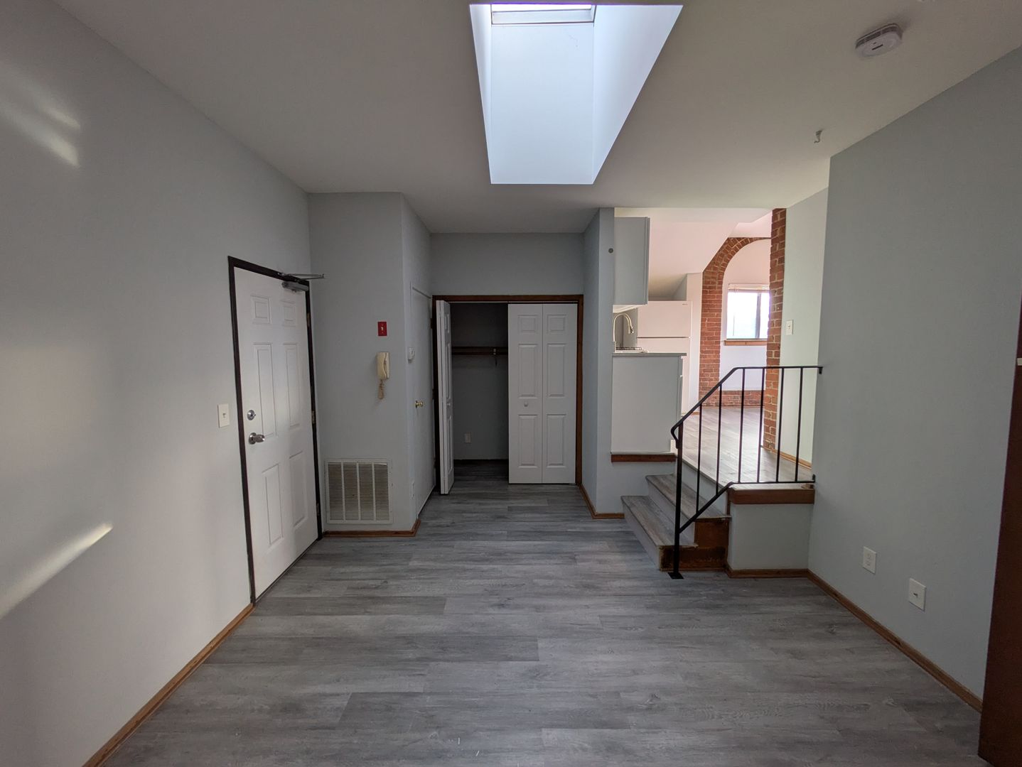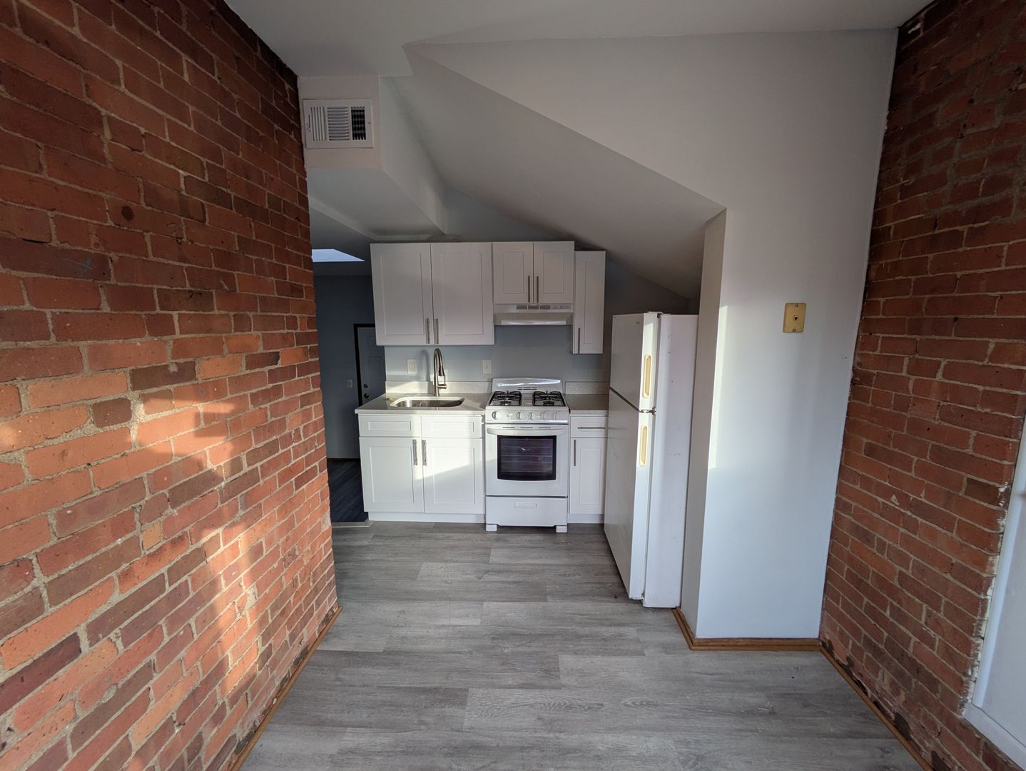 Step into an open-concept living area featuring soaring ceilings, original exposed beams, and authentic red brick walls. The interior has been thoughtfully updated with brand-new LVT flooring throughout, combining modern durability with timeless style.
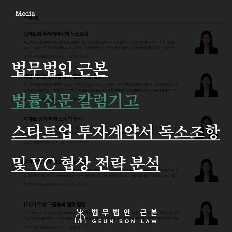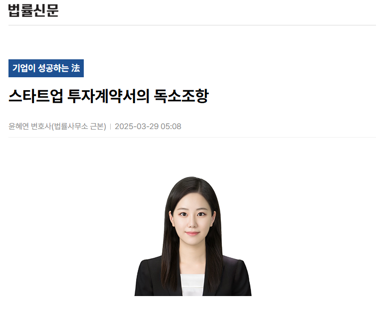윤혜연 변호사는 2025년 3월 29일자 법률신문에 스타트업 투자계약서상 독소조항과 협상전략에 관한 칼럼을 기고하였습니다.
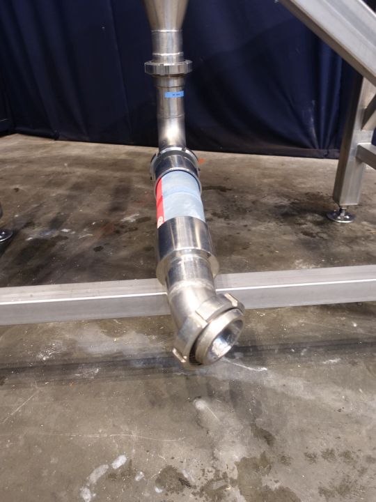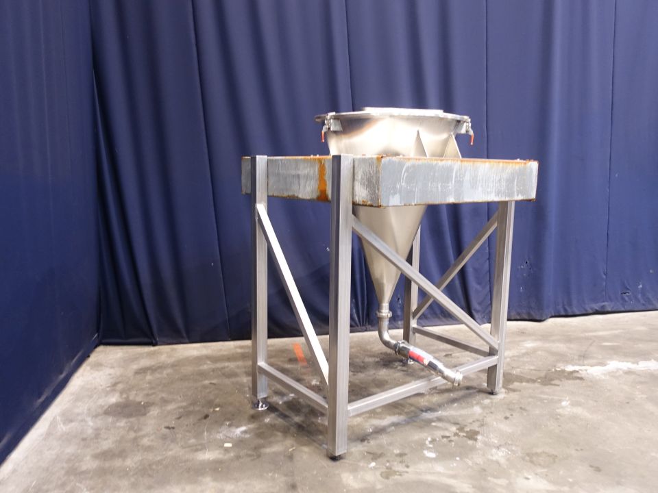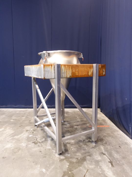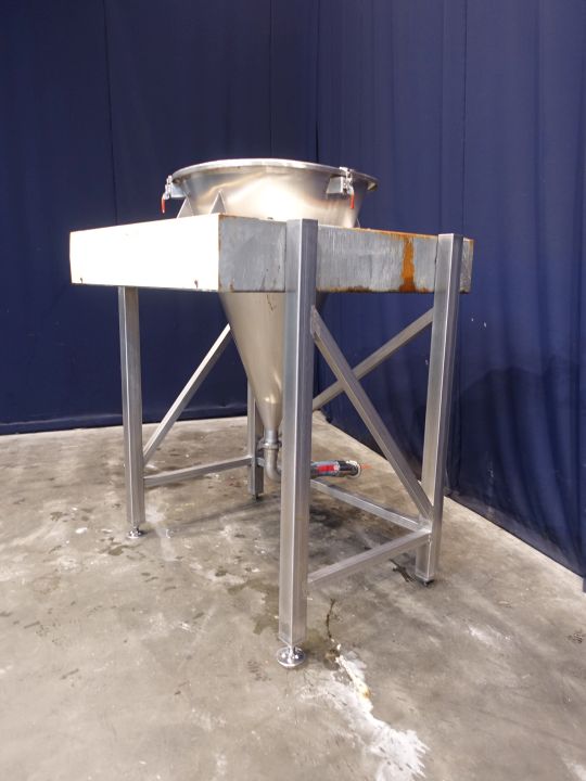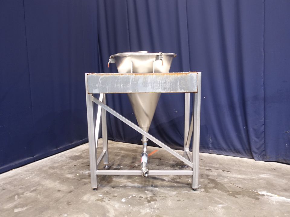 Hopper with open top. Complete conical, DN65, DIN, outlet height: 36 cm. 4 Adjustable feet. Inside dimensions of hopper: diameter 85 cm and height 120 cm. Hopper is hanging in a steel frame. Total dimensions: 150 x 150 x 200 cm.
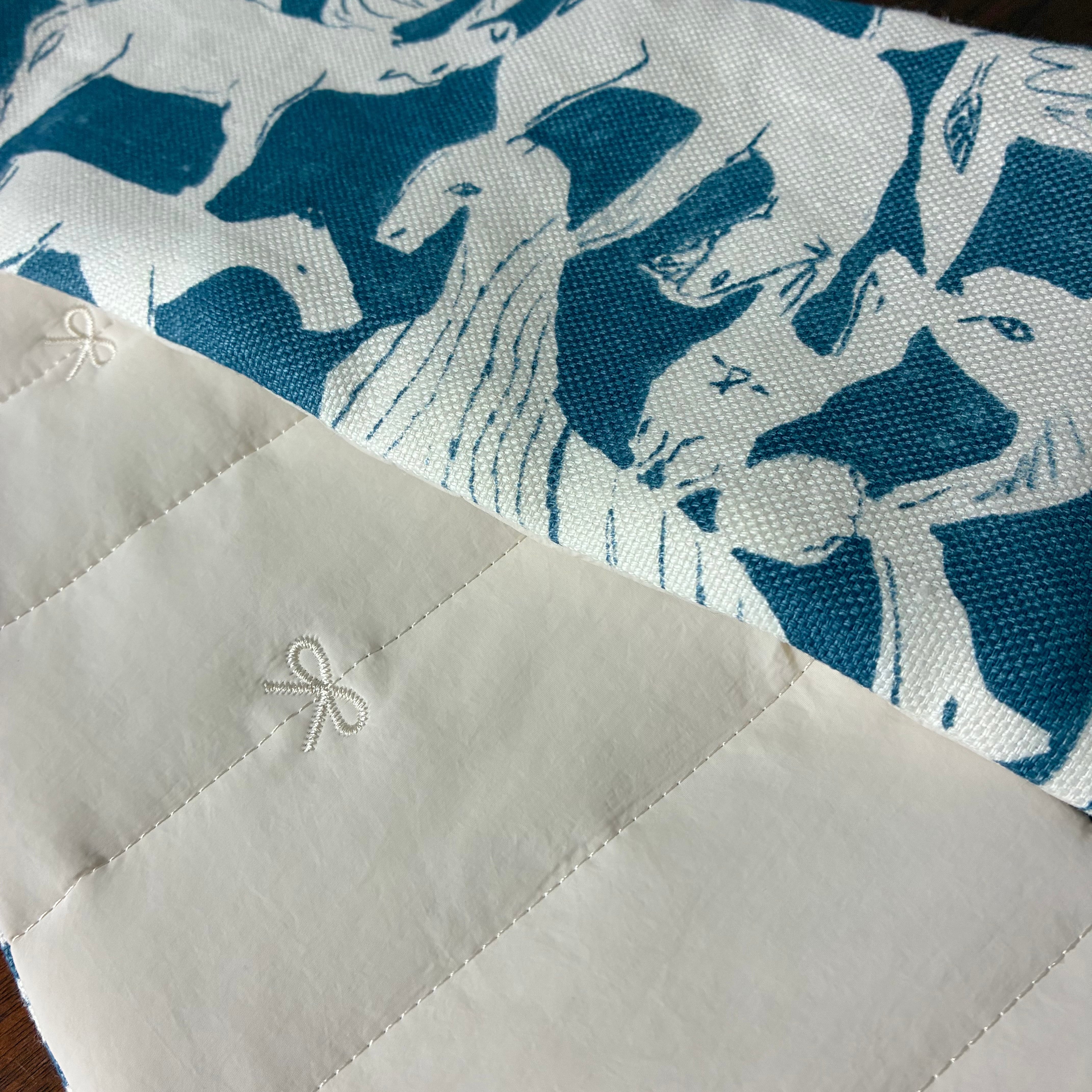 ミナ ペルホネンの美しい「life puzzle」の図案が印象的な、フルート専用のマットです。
•••
§ Task prompt
The copy should hold exactly the lines from the line containing "윤혜연 변호사는 2025년" through the end of the data, both ends included, and no pictures.

§ Response
윤혜연 변호사는 2025년 3월 29일자 법률신문에 스타트업 투자계약서상 독소조항과 협상전략에 관한 칼럼을 기고하였습니다.
 Hopper with open top. Complete conical, DN65, DIN, outlet height: 36 cm. 4 Adjustable feet. Inside dimensions of hopper: diameter 85 cm and height 120 cm. Hopper is hanging in a steel frame. Total dimensions: 150 x 150 x 200 cm.
 ミナ ペルホネンの美しい「life puzzle」の図案が印象的な、フルート専用のマットです。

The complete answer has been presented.